Congrats on the new 70! And more than likely my next purchase....Is the divider between the two doors hinged?
Let us know what you think of her.


----------



## lawdog (Mar 9, 2008)

XTex,
Mine isn't, but he will work with you and do pretty much what ever you want.  He was great to work with.

Lawdog


----------



## capt dan (Mar 9, 2008)

Nice rig. I bet you feel pretty special getting to use that thing most of the year! Thats what I would call a "perk"!

Can't wait to see the first big load in it!


----------



## xtexan (Mar 9, 2008)

I din't read all of your posts, but did you work directly w/ Travis? I have spoken w/ him and he seams like a nice guy....


----------



## lawdog (Mar 9, 2008)

yup, started off contacted some guy out of Alabama that sells for him and when he found out where I was located he gave me Travis's (? doesn't look right?) # and that they were manufactred 3 hrs from where I live.
Travis was great to work with, any questions I would just call him and he would answer.  I was going to be in San Angelo over the weekend and he had it waiting for me after our golf tourny, just picked it up and headed north.

Lawdog


----------



## lawdog (Mar 18, 2008)

Today was like torture, getting to smell the hickory and a little [font=verdana, Sans-Serif]*TBS*[/font] (check out that TBS), knowing there would be no reward @ the end of the day. 
Here are a few pics of the DPP on her seasoning smoke.

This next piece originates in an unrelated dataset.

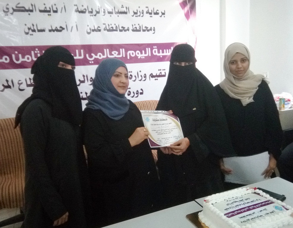 جاءت الدورة التدريبية في إطار الاحتفال باليوم العالمي للمرأة، استضافتها جمعية الفردوس التنموية النسوية، برعاية من معالي وزير الشباب والرياضة نائف البكري، ومحافظ محافظة عدن أحمد سالم رُبيع.

Sprayed her down with Pam, started w/ 2 splits on propane log starter, took it up to 300* with 5 splits for 2 hours and maintained 250* for 4 hours @ 1 split per hour. 
Temps were easy to adjust with bottom set intake and duel stacks, can't wait for first cook.
What a way to spend a monday @ work.

Lawdog


----------



## smok'n steve (Mar 18, 2008)

What--At work?  You lucky dog!!!   pardon the pun, if you will accept my request for a pardon, Sir.  I mean Please SIR!!!


----------



## lc in va (Mar 18, 2008)

cool rig. maybe you need to have a smf get together.


----------



## azbarbeque (Mar 26, 2008)

That is a great looking rig and I love seeing it towed behind that vehicle.

I am the Southwest Diamond Plate Distributor and I personally have been cooking on and using these units for over 3 years and I love them.  I have cooked on all the different models and love them all.  Very versitile and they hold temps great.

You will love using your 70 series.  Keep posting pics, especially once you get it all loaded down with food.

I just organized a competition here in AZ with 15 competitors and 8 of them were using Diamond Plate smokers, that's how popular they are out here.


----------